DATA RECORDS:
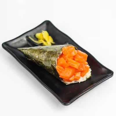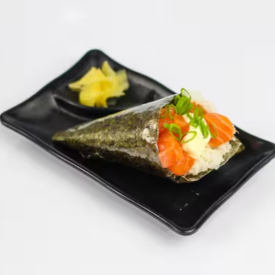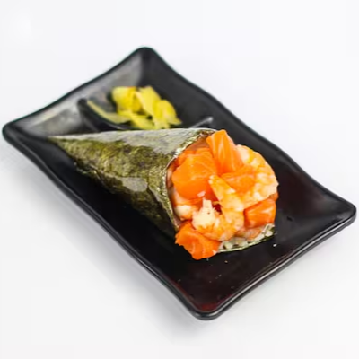 Enrolado de alga com formato de cone, recheado com salmão, camarão cozido, arroz, cebolinha e cream cheese.
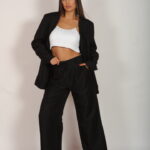 This ensemble combines the oversized, relaxed fit blazer with the wide-leg trousers, featuring that distinctive contrast white waistband detail.
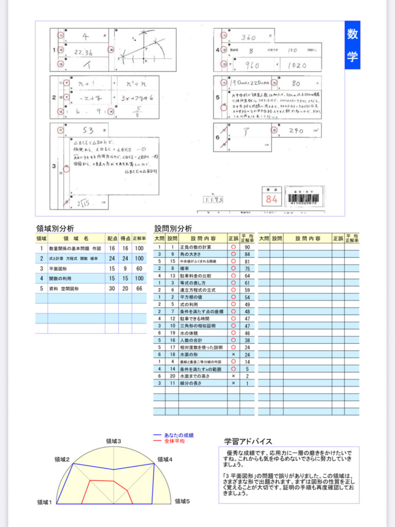 ①その教科のその子の細かい分析 と回答がセットになった分析表
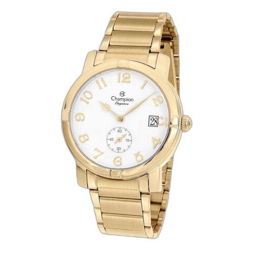 Relógio Champion Feminino Analógico CN24815H Dos clássicos aos modernos, designs inovadores, relógios que trazem personalidade e utilidade no seu dia a dia para quem busca conforto e durabilidade, nossos relógios casuais são ideais para quem busca funcionalidade. DESCRIÇÃO -marca: Champion-gênero: Feminino-tipo de mostrador: Analógico -material da caixa: Metal-cor da caixa: dourado-material da pulseira: Aço-cor da pulseira: dourado-tipo de pressão: Trava de pressão -resistência à água: 5ATM -garantia: 12 meses
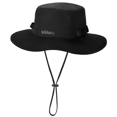 Solaris Wide Brim Outdoor Bucket Hat for Women Men Fishing Hiking, UPF 50+ Lightweight Sun Hats with Windproof Drawstring Mesh Ventilation (Black)
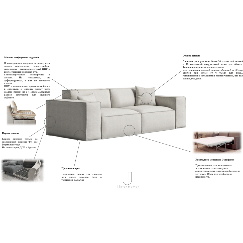 Диван Quadrum серая рогожка ( в ткани 1 категории )
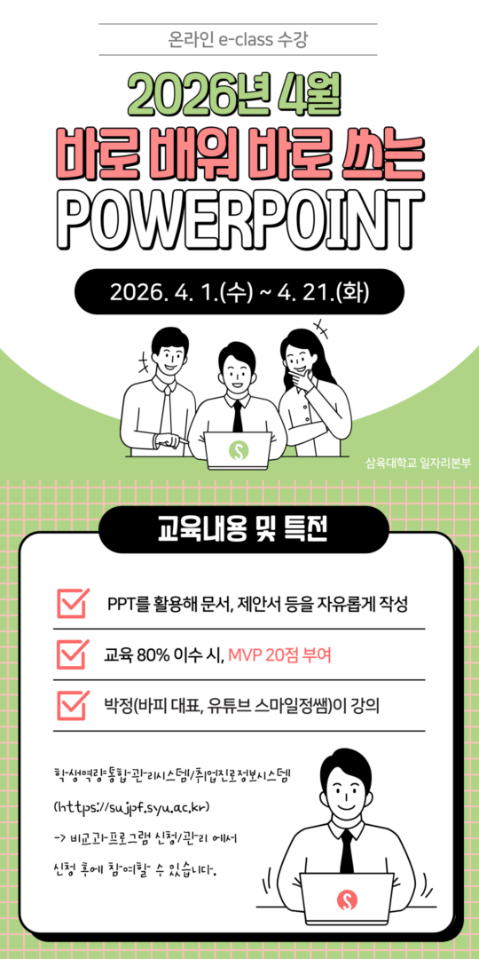 *신청(~4/3):학생통합역량관리시스템(https://sujpf.syu.ac.kr) -비교과프로그램
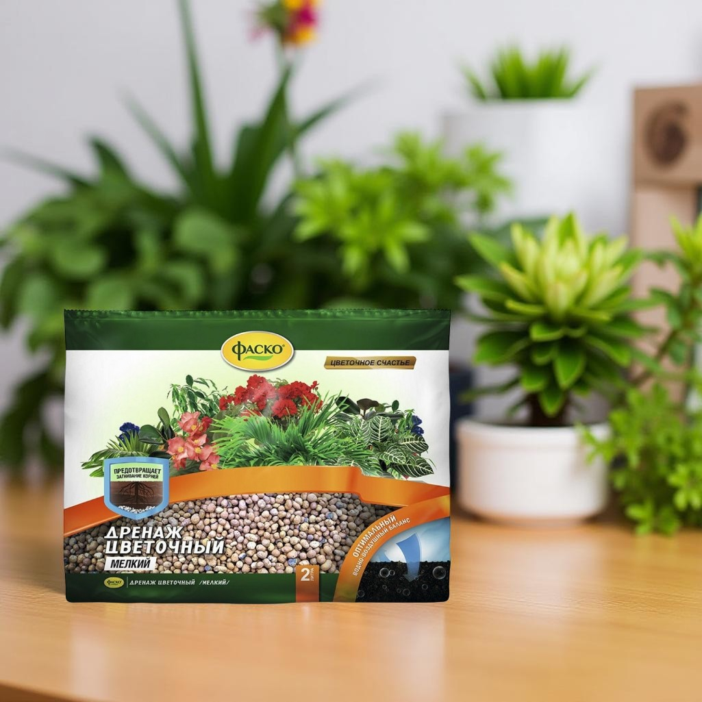 Дренаж цветочный Фаско Мелкий Цветочное счастье, керамзит, предотвращает загнивание корней, 2 л - это натуральный легкий и стерильный материал, необходимый при выращивании цветочно-декоративных растений в комнатных условиях для поддержания комфортного водно-воздушного режима. Применяется для всех видов комнатных растений (диффенбахий, кротонов, монстер, драцен, фатсий, юкк, кордилин, бересклета, марант, пальм, фикусов, филодендронов, сингониумов, панданусов, циперуса, хлорофитумов, традесканций, сциндапсусов, плющей, шефлеры, гераней, антуриума, гибискуса, фуксии, бальзамина, амариллиса, жасмина, пассифлоры, калл, спатифиллума, цикломенов, пуансеттии, хризантемы, пахистахиса, абутилона, олеандра, примулы, афеландра, бегоний и др.)
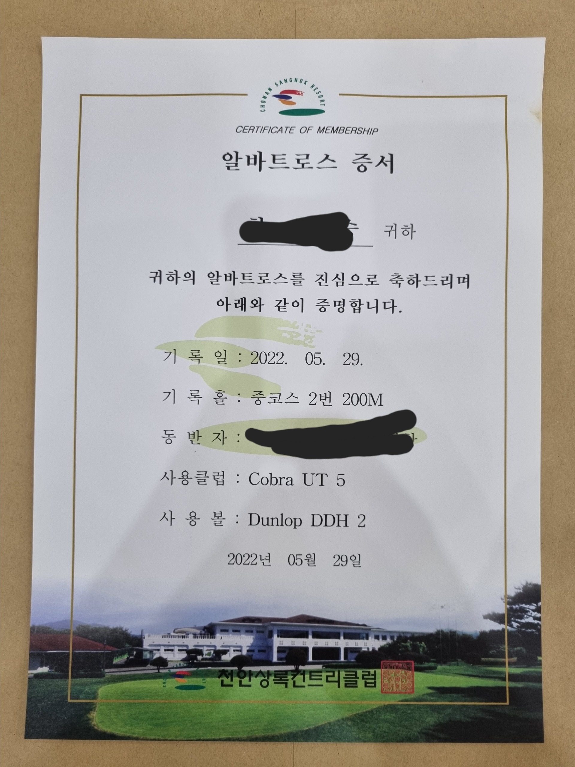 천안상록 생기고 중코스 2번 최초 알바트로스라고 하네요. 너무 기분 좋습니다.

THE TASK:
Emit the lines of the material exactly, from its first line to the line containing "This ensemble combines", inclusive; leave every picture out.

OUTPUT FOR THIS EXERCISE:
 Enrolado de alga com formato de cone, recheado com salmão, camarão cozido, arroz, cebolinha e cream cheese.
 This ensemble combines the oversized, relaxed fit blazer with the wide-leg trousers, featuring that distinctive contrast white waistband detail.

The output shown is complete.